Reads a value from an address in memory into the specified register

o.{at,by} :_ # o.at :_ :_ o.by :_ [label]

|--------|--------|--------|--------|--------|--------|--------|--------|
 00010000 00000000 10000000 ro..0000 dddddddd dddddddd dddddddd dddddddd

: ro.. The register to outload to memory
: d    The offset from the address of the word containing this instruction

|--------|--------|--------|--------|--------|--------|--------|--------|
 00100000 00000000 11000000 ro..r@.. 00000000 00000000 00000000 00000000

: ro.. The register to outload to memory
: r@.. The register containing the address in memory to write to

|--------|--------|--------|--------|--------|--------|--------|--------|
 01010000 00000000 10000000 ro..0000 00000000 00000000 00000000 00000000
 @@@@@@@@ @@@@@@@@ @@@@@@@@ @@@@@@@@ @@@@@@@@ @@@@@@@@ @@@@@@@@ @@@@@@@@

: ro.. The register to outload to memory
: @    The address in memory to write to

Writes a value from the specified register into memory at an address

Registers

  • One of the registers could be used to store the thread/core number?

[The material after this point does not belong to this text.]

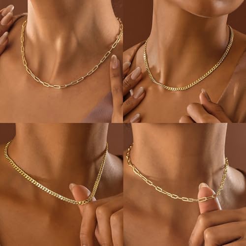Gold Layered Necklaces Design: The layered necklace is composed of a sleek herringbone chain, a trendy paperclip chain, and a classic Cuban link.Wear it alone for a classic vibe, stack it for a layered look, if you like, you can choose to add a pendant to the chain Gold Chain For Women Size: Cuban chain length: 15".Paperclip chain length: 16".Herringbone chain length: 17". Each necklace comes with a 2" extender, allowing you to adjust the length for a perfect fit Hypoallergenic Material: 14K gold plated and High quality brass material, gold layered chain necklaces are no nickel and no lead, hypoallergenic, long lasting color and safe for sensitive skin Nice Gifts: Each necklace is individually packaged.Hand it to a woman who is important to you on a meaningful day, such as a birthday, anniversary, Mother's Day, Christmas, etc. It may not be expensive, but it's all about your heart WHY CHOOSE US: Our commitment to quality sets us apart in the jewelry industry. If you have any questions about our gold chain necklace for women, please contact us and we will reply within 24 hours #4,340 in Clothing, Shoes & Jewelry ( ) #13 in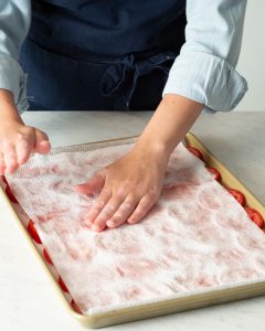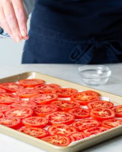 - Line baking sheets with paper towels. Place tomato slices on prepared pans; sprinkle with 1 teaspoon (3 grams) salt. Let stand at room temperature for 30 minutes; pat dry. Let stand for 30 minutes; pat dry.

Timers?
  • Instructions to push/pop entire register set states on and off of the stack

Hypervisor

  • Enable a "hypervisor" to schedule bounded work on cores (i.e. must return eventually)
  • Limit its access to a certain parts of memory

Threading

  • Enable a single VM to have multiple "cores"

Cores

  • In addition to a register bank, I think each core should have some working memory? Perhaps like, 4kb?

Bus

  • What would a minimal "bus" implementation look like?

Sys

  • What should the Lun binary/executable format look like?

Instructions

  • Should instructions have condition predicates built in (like ARM)?

  • Instructions should be as wide reaching as possible. If something can already be done with a single instruction, don't make a more specific one. Sugar and shorthands can be handled at assembly time, so there's no need to make the decoding and runtime logic more complex than it needs to be by duplicating functionality.